Dejó caer el vaso sobre la mesa con indiferencia, jurando no volver a intentarlo nunca más.
«¡Vaya, Michel!», dijo Ben. «No puedo creer que con una esposa así estés en el club cuando deberías estar de luna de miel».
«Dios sabe que estaría enterrado en ella todo el día y toda la noche si fuera mi esposa», añadió otro.
Michel parecía increíblemente furioso, y Alaina no pudo evitar sentir una sensación de alegría al verlo.
«¿Por qué estar enterrado en mí cuando puede estar enterrado en…?» Se inclinó sobre él para hablar con la chica. «¿Cómo te llamas?»
«Thalia», susurró la chica.
«… En Thalia.
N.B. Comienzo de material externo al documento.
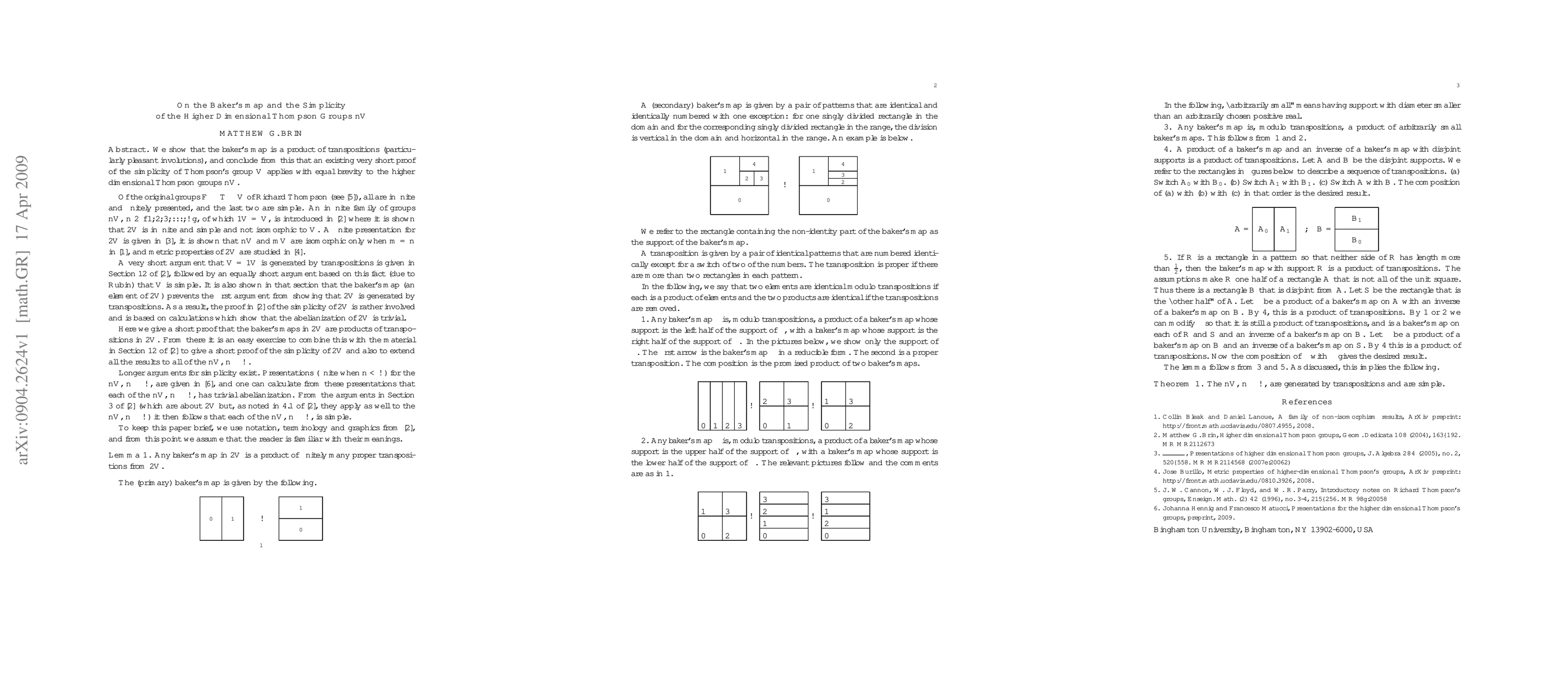 The paper demonstrates that the baker's map can be decomposed into a product of transpositions, thereby allowing a succinct proof of the simplicity of Thompson's group V to be extended equally concisely to higher-dimensional Thompson groups nV.

Está muy buena». El grupo estalló en carcajadas. «¡Oh, también es muy divertida!».
«Lo intento», dijo Thalia con aire de suficiencia, haciendo una pequeña reverencia.
Mientras la conversación volvía a crecer a su alrededor, Michel acercó a Alaina a su lado.
Puso sus labios contra su oreja para que nadie pudiera oír lo que estaba diciendo.
«No puedo creer que me hayas seguido hasta aquí», susurró.
«Te dije que saldríamos NOSOTROS. ¿No habría sido más fácil que me escucharas? Podríamos haber venido juntos. Ahora te has perdido la belleza de mi dulce compañía en el viaje».
Gimió junto a su oído. «Sí, tu dulce compañía, efectivamente. Vuelve a casa, María».
«¿Por qué? ¿Te estoy estropeando el estilo?», preguntó inocentemente. «¡Oh! Debo estar impidiendo que te «sumerjas en la dulce Thalia»». «Lo entiendo».
Se puso de pie de un salto. «Voy a ir a bailar», declaró, saliendo de la cabina.
Saltó a la pista de baile, moviendo las caderas y girando de formas que solo se había atrevido a practicar en su habitación.
En poco tiempo, se había formado un pequeño círculo a su alrededor.
Con las luces intermitentes, la música a todo volumen y los vítores, se sintió en la cima del mundo: liberada, libre, sexy.
¡Esto es lo que me he estado perdiendo toda mi vida!
De repente, un árabe alto y guapo apareció frente a ella. Le dedicó una sonrisa, moviéndose al ritmo de ella.
Alaina le devolvió la sonrisa. Él puso su mano en sus caderas y las movió al ritmo de las suyas.
La hizo girar. Alaina chilló. Él la atrajo hacia sí y la meció. Ella se rió a carcajadas.
De repente, su cuerpo se separó del de ella. Confundida, se dio la vuelta justo a tiempo para ver a Michel alejándolo de ella.
Él cerró los puños. Retrocedió y lanzó su puño hacia el apuesto árabe.
Alaina gritó.
Michel vio a su esposa dirigirse hacia la pista de baile.
En ese momento, estaba convencido de que era una bruja. Ningún ser humano normal podría estar tan loco.
Sin embargo, tuvo que admitir que se veía muy bien mientras se alejaba.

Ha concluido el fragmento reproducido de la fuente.